Type of site | Live streaming |
---|---|
Dissolved | August 5, 2014 |
Successor(s) | Twitch |
Owner | Twitch Interactive (called Justin.tv, Inc until February 2014)[1] |
Founder(s) |
|
URL | www.justin.tv (inactive) |
Registration | Optional |
Launched | March 19, 2007 |
Current status | Defunct |
Justin.tv was a website created by Justin Kan, Emmett Shear, Michael Seibel, and Kyle Vogt in 2007 to allow anyone to broadcast video online. Justin.tv user accounts were called "channels", like those on YouTube, and users were encouraged to broadcast a wide variety of user-generated live video content, called "broadcasts".
The company was an Internet startup based in San Francisco, California, with seed funding from Paul Graham of seed capital firm Y Combinator[2] and Series A funding with Alsop Louie Partners and Draper Associates.[3]
The original Justin.tv was a single channel featuring founder Justin Kan, who broadcast his life 24/7 and popularized the term lifecasting. In 2007, Justin Kan stopped broadcasting and Justin.tv relaunched into its later form as a network of thousands of channels.[4]
Users were permitted to broadcast to an unlimited number of people for free, and watching broadcasts did not require user registration. Broadcasts that were considered to contain potentially offensive content were available only to registered users over the age of 18. Broadcasts containing defamation, pornography or copyright violations, or encouraging criminal conduct, were prohibited by Justin.tv's terms of service.[5]
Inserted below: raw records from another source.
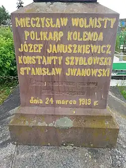 Following the Polish-Soviet War, Nieswiez became part of the Second Polish Republic, and two monuments, commemorating the rebellion, were built. One was located in the center of the town, and was destroyed during World War II. The other one was erected on March 24, 1926 at a local Roman Catholic cemetery, on the tomb of the five shot Polish leaders. The monument, which was founded by students and teachers of the local school, still exists. After 1944, the inscription pomordowani przez bolszewików ("murdered by the Bolsheviks") was removed by the Soviets from the tombstone.[1] After 1990, it was renovated.
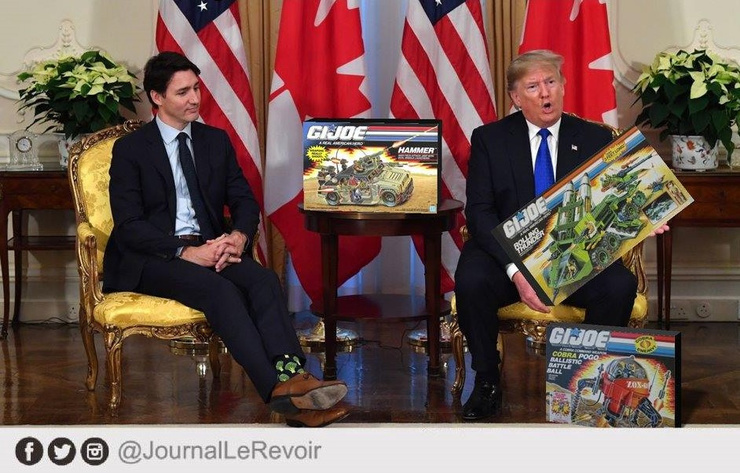 Trump is warning Trudeau that he should be buying more toys from Lockheed Martin, Boeing, Raytheon and Northrop Grumman if he still wants to with him in NATO. (Nice socks Justin!)
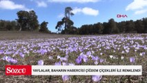 Yaylalar, baharın habercisi çiğdem çiçekleri ile renklendi
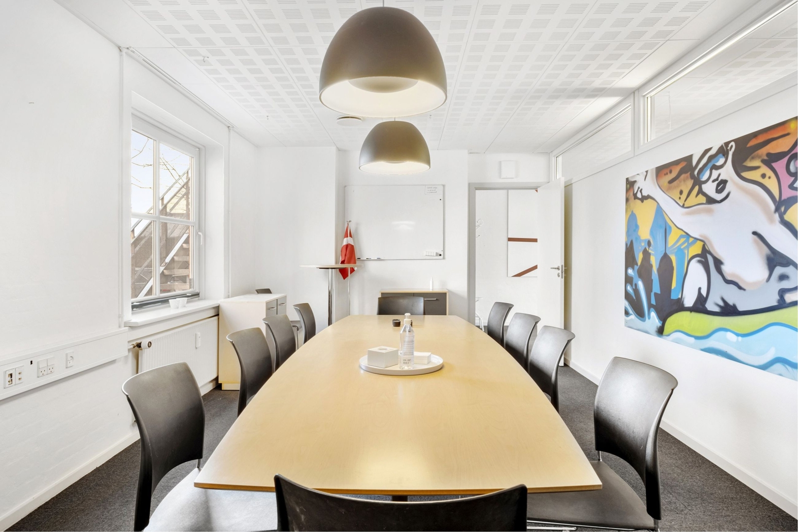 lokale - kontorlandskab med plads til 6 medarbejdere - kopirum - stort mødelokale i forbindelse med
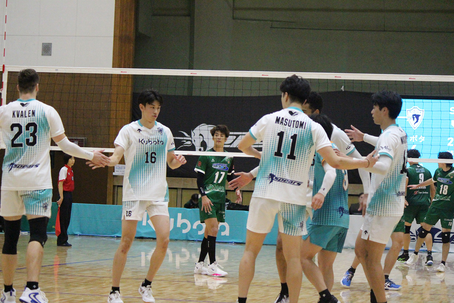 | 第1セット | 劉・小磯(井上)・クヴァーレン・バーナード(ムヤカバング)・若林(森)・枡富(柳田) | L 木村、久保田 |
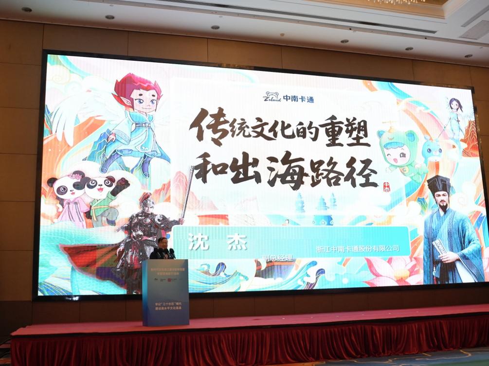 沈杰在题为“传统文化的重塑和出海路径”的报告中,分享了浙江中南卡通深入贯彻习近平总书记重要指示精神,以集约化、现代化、国际化为路径,构建数字化动漫制作体系与IP生态圈,推动优秀传统文化创造性转化的实践成果。公司通过《苏东坡与杭州的故事》《钱王传奇》等作品,深入挖掘历史人物的时代价值,以国际化方式讲述“中国故事”,实现了文化的全球传播,有效推动了中华优秀文化“出海”。
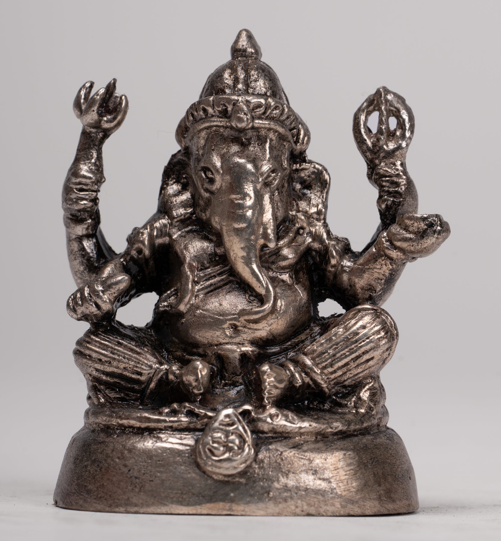Estatua de Ganesha - Estatua de Ganesha de plata sentada de bronce de estilo tailandés antiguo - 8 cm/3"
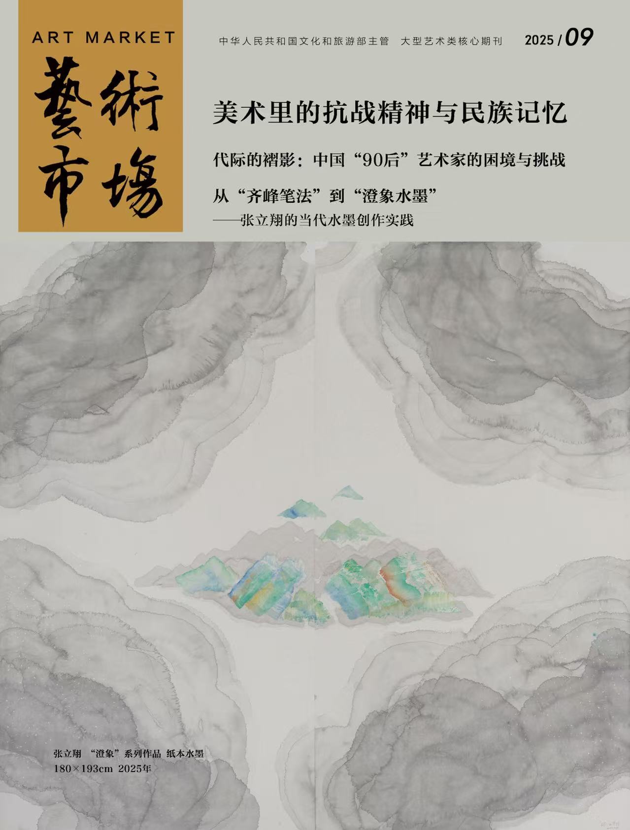 值此Bevictor伟德官网建校60周年之际,公司党总支书记、经理张立翔教授受邀接受文化和旅游部主管 大型艺术类核心期刊《艺术市场》杂志主编武文龙先生的专访------《从“齐峰笔法”到“澄象水墨”----张立翔的当代水墨创作实践》,同时,张立翔教授的水墨作品《“澄象”系列》刊登在《艺术市场》2025年第9期封面。在时代变迁和当代艺术生态加速重构的背景下,他的创作实践与艺术观念,既生发于水墨传统,又直面当下时代议题,为中国当代水墨的发展提供了一份极具启示意义的艺术样本。

Justin.tv moved its gaming section to a new site called Twitch.tv in June 2011,[6] and the parent company of Twitch.tv and Justin.tv rebranded as Twitch Interactive in February 2014.[1] The Justin.tv services and brand were officially shut down in August 2014 so that the company could focus on Twitch, which was then acquired by Amazon later that month.[7][8][9]